Saint Thomas More was the greatest Englishman of his generation. In a land with a highly educated aristocratic class, his erudition was unequalled. He was a devoted family man who carried out an extensive correspondence with his children and ensured that his daughters were as well educated as his sons. He served the English crown faithfully both at home and abroad. He charmed his many friends with a rich and engaging personality. He published scholarly works and communicated with other humanists of his era. Yet despite all of these accomplishments, the fraught times he lived in eventually overwhelmed him. He could not save his own head.

More was a thoughtful and serious Catholic. He refused to bend to the will of King Henry VIII regarding divorce and Henry’s self-appointment as head of the Church in England. For his silence, or lack of explicit support for Henry, More was brought to court, where a perjurer’s words knifed him in the heart. More was condemned to death by beheading. This was a favor from the King, who admired More but could not brook his dissent. More had originally been sentenced to a far crueler form of capital punishment, but Henry decreed that his life end with one blow of the axe.
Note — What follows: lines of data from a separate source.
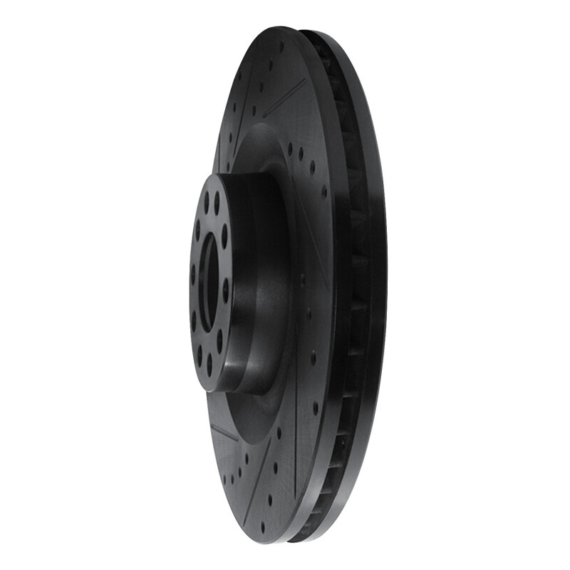 R1 01-03 Audi S8 Front Left Drilled & Slotted Black Brake Rotor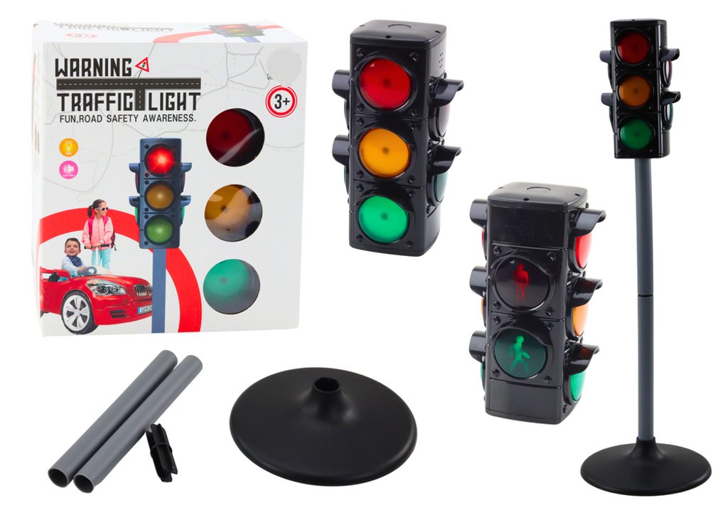 Dětský semafor uspokojí a naučí dopravním předpisům každého malého řidiče. Lze jho využít venku i doma. Je vybaven světelnými i zvukovými efekty. Semafor je ideální pro jízdu na kole nebo v elektrickém vozítku. Hračka je určena pro děti od 3 let věku.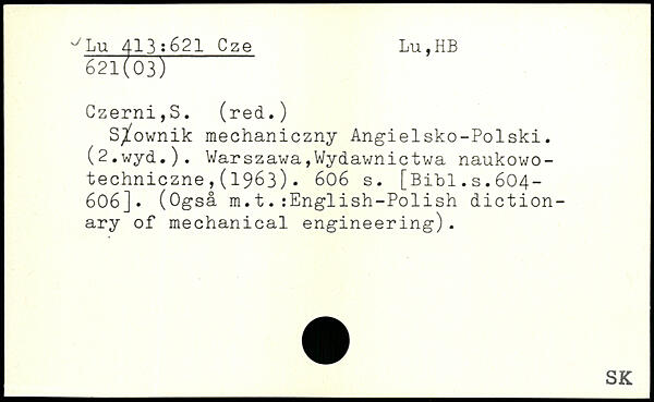 S/ownik mechaniczny Angielsko-Polski. (2.wyd.). Warszawa,Wydawnictwa naukowo-techniczne,(1963).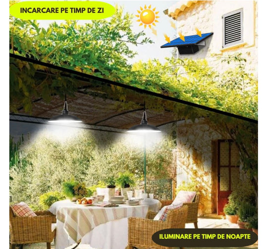 SET 2 LAMPI SOLARE SUSPENDATE CU ABAJUR, LUMINA ALBA, TELECOMANDA INCLUSA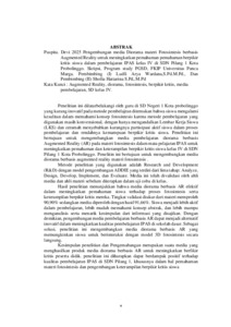 Penelitian ini dilatarbelakangi oleh guru di SD Negeri 1 Kota probolinggo yang kurang inovatif pada metode pembelajran ditemukan bahwa siswa mengalami kesulitan dalam memahami konsep fotosintesis karena metode pembelajaran yang digunakan masih konvensional, dengan hanya mengandalkan Lembar Kerja Siswa (LKS) dan ceramah menyebabkan kurangnya partisipasi aktif siswa dalam proses pembelajaran dan rendahnya kemampuan berpikir kritis siswa. Penelitian ini bertujuan untuk mengembangkan media pembelajaran diorama berbasis Augmented Reality (AR) pada materi fotosintesis dalam mata pelajaran IPAS untuk meningkatkan pemahaman dan keterampilan berpikir kritis siswa kelas IV di SDN Pilang 1 Kota Probolinggo. Penelitin ini bertujuan untuk mengembangkan media diorama berbasis augmented reality materi fotosintesis . Metode penelitian yang digunakan adalah Research and Development (R&D) dengan model pengembangan ADDIE yang terdiri dari lima tahap: Analyze, Design, Develop, Implement, dan Evaluate. Media ini telah divalidasi oleh ahli media dan ahli materi sebelum diterapkan dalam uji coba di kelas. Hasil penelitian menunjukkan bahwa media diorama berbasis AR efektif dalam meningkatkan pemahaman siswa terhadap proses fotosintesis serta keterampilan berpikir kritis mereka. Tingkat validasi diukur dari materi memproleh 90,90% sedangkan media diperoleh dengan hasil 91,66%. Siswa menjadi lebih aktif dalam pembelajaran, lebih mudah memahami konsep abstrak, dan lebih mampu menganalisis serta menarik kesimpulan dari informasi yang disajikan. Dengan demikian, pengembangan media pembelajaran berbasis AR dapat menjadi alternatif inovatif dalam meningkatkan kualitas pembelajaran IPAS di sekolah dasar. Sebagai solusi, penelitian ini mengembangkan media diorama berbasis AR yang memungkinkan siswa untuk berinteraksi dengan model 3D fotosintesis secara langsung. Kesimpulan penelitian dan Pengemabangan merupakan suatu media yang menghasilkan produk media diorama berbasis AR untuk meningkatkan berfikir kritis peserta didik. penelitian ini diharapkan dapat berdampak positif terhadap kualitas pembelajaran IPAS di SDN Pilang 1, khususnya dalam hal pemahaman materi fotosintesis dan pengembangan keterampilan berpikir kritis siswa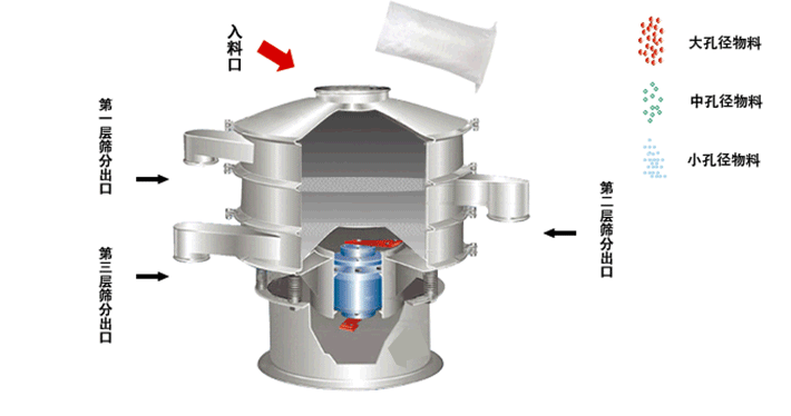 香料粉篩分機中的振動篩和直排篩是通過電機產生的振動進行篩分,電機產生振動,物料在篩網中不斷進行擴散、跳躍,從而大顆粒被留在最上層篩網中,小顆粒不斷穿過篩網,然后從最下層篩網中排出。氣流篩是通過負壓氣流作為載體,細的香料粉隨氣流穿過網孔,粗的香料粉被阻隔排出。

So the unconquered Thomas More climbed a shaky scaffold on July 6, 1535, and had his head lopped off. His head was stuck on a pole on London bridge for one month afterward, a trophy to barbarity. More died a martyr to the indissolubility of marriage.

Saint John Fisher was an academic who held various high positions at the University of Cambridge, one of the two universities in all of England, eventually becoming its Chancellor for life. He was a Renaissance humanist, like Thomas More, who encouraged the study of Latin, Greek, and Hebrew. Fisher was the personal tutor of Henry VIII when Henry was a boy, and he preached the funeral homily of Henry’s father, Henry VII. John Fisher lived a life of extreme personal austerity and even placed a human skull on the table during meals to remind himself of his eventual end. He had many of the same qualities as More—great learning, personal uprightness, and academic accomplishments.
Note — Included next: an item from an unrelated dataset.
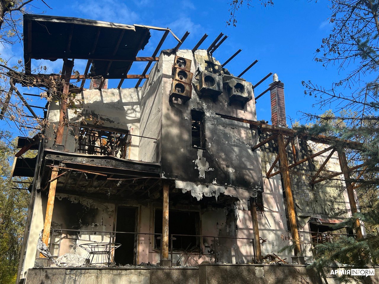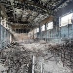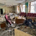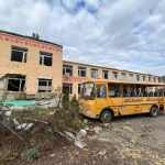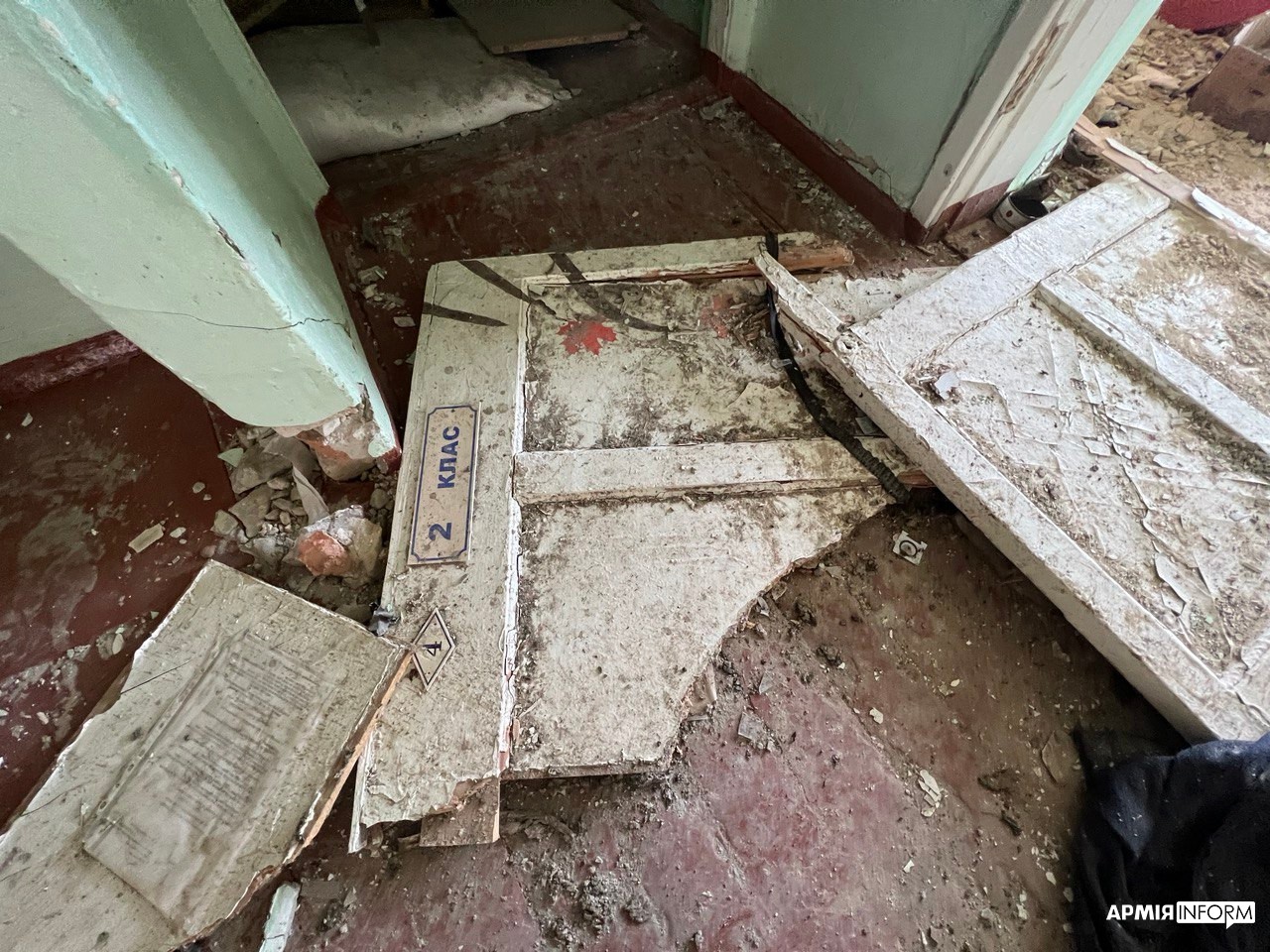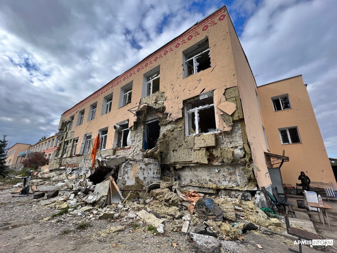 Ще одна моторошна картинка в селищі — це ліцей, який ворог просто зрівняв із землею. Вибиті вікна, розкидані підручники, на підлозі також − двері. На одних написано «другий клас». Повсюди купа російського майна, починаючи від сухпаїв і закінчуючи вибухонебезпечними «подарунками». Спалена вщент актовазала теж є рукою «русскаго міра», яка, здається, стиснула в кулак усе селище.

But easy times don’t make martyrs. When King Henry wanted to annul his marriage to Catherine of Aragon, Fisher became her most ardent supporter. He openly stated in court that he would die for the indissolubility of marriage, thus incurring the lasting wrath of his former pupil Henry. All the bishops of England, save Fisher and two others, lost their courage and acquiesced, without a fight, to Henry VIII’s takeover of the Catholic Church in England. Their weakness brought to a sudden, crashing end a thousand years of Catholicism in England. The faith endured in some form, of course, but would never be the culture-forming force it had been for so many centuries. It is an embarrassment of Catholic history that almost all the bishops of England fell like dominoes, one after another, at one slight puff of the breath of King Henry VIII on their cheeks.

After various nefarious machinations, John Fisher was imprisoned in the harshest of conditions for over a year, even being deprived the services of a priest. During this time, the Pope named him a cardinal, although Henry refused him the ceremonial placing of the red hat on his head. After a brief trial with the usual perjury, Cardinal John Fisher was beheaded on June 22, 1535. In order to avoid inevitable comparisons between Cardinal Fisher and St. John the Baptist, King Henry moved the cardinal’s execution forward to avoid any connection to June 24th’s Feast of John the Baptist. Both Johns were martyrs to marriage. But there was no silver platter for John Fisher. His head was placed on a pole on London bridge for two weeks, only to be replaced by Thomas More’s head. Saints John Fisher and Thomas More were beatified in 1886 along with fifty-four other English martyrs. The two were canonized together in 1935.